El líder de la oposición, Yair Lapid, aclaró el domingo por la noche que la ley propuesta por su partido para revocar el derecho al voto de quienes evadan el servicio militar se aplicaría sólo a los haredíes y excluiría al sector árabe.
En declaraciones a Kan News, Lapid declaró: “No sé quién inventó la frase de que el derecho al voto es un derecho sagrado; no lo es. En un país democrático hay derechos y obligaciones, y unos dependen de otros; no se pueden separar”.

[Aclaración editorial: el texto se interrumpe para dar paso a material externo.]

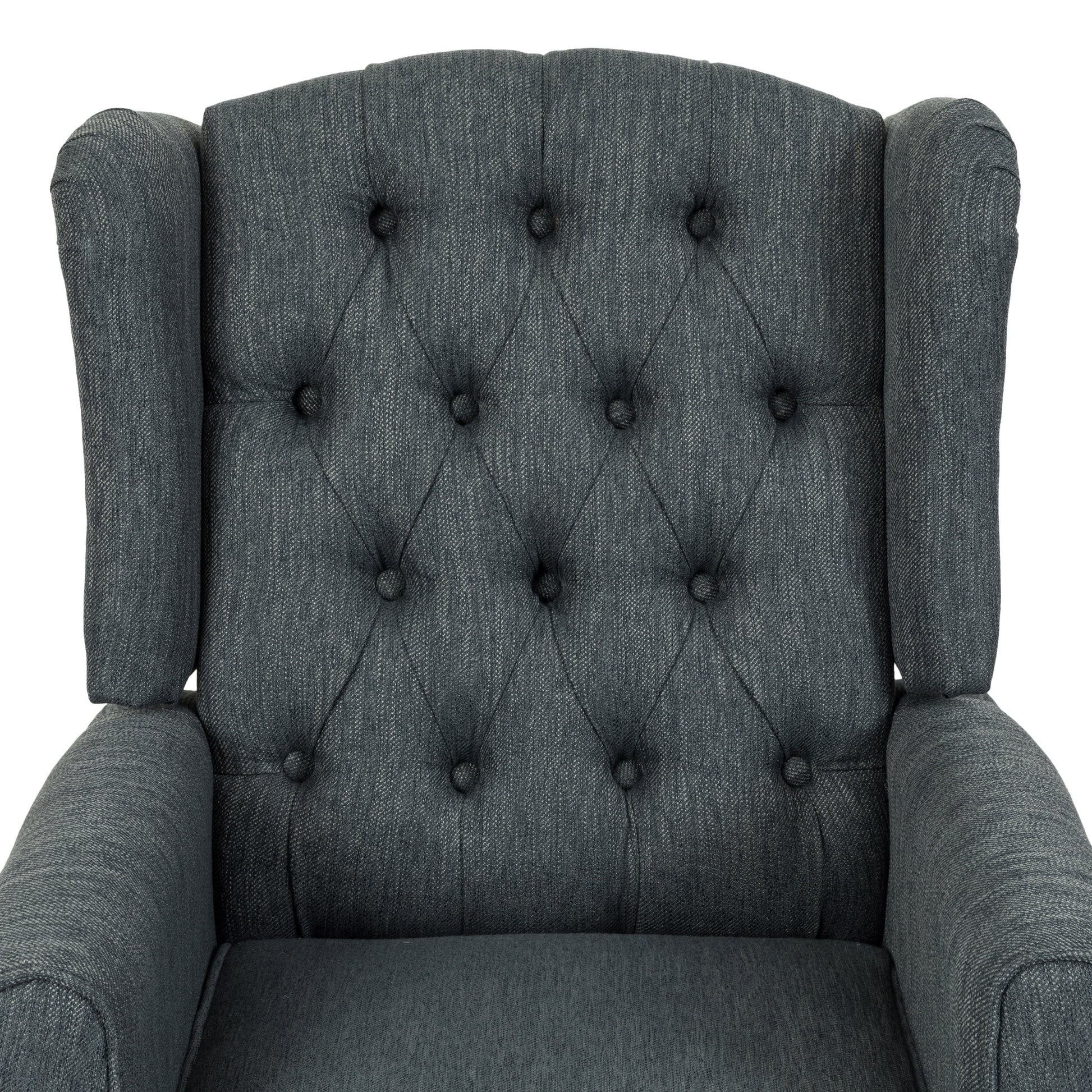 Update your living room decor with an attractive and functional furniture piece with the Wellscross push-back recliner from Christopher Knight Home. Button tufting and refined polyester upholstery give the chair a classic appearance, while manual and push-back recline features let you stretch out and relax. A semi-firm seat provides support, and a winged frame traps heat and blocks out drafts for a warm and comfortable seating experience. Birchwood legs finished in brown create a subtle contrast with the upholstery while keeping the chair stable.

El partido Shas emitió una dura respuesta: “Yair Lapid, quien se apresuró a aclarar que no tenía la intención de quitarles el derecho al voto a los árabes, sino sólo a los haredim, ha expuesto su verdadera cara y su profundo odio hacia los judíos que son u’mitzvot de Shomrei Torá”.
Según Lapid, los judíos que aman la tierra, estudian la Torá y rezan a diario por la seguridad de los soldados de las FDI valen menos que los árabes, algunos de los cuales apoyan abiertamente el terrorismo palestino. Esto es vergonzoso.
Meri Porush, diputada por Agudat Israel, respondió: “Ministro de Asuntos de la Diáspora y Antisemitismo, Shikli, no necesita buscar en el extranjero luchas contra los antisemitas. Yair Lapid está aquí mismo, en el parlamento israelí, expresando ideas que ni siquiera los antisemitas del extranjero se atreverían a decir en voz alta hoy”.
“¿La próxima ley de Lapid y Lieberman prohibirá a los haredim circular por las carreteras israelíes porque el asfalto se pagó con fondos estatales?”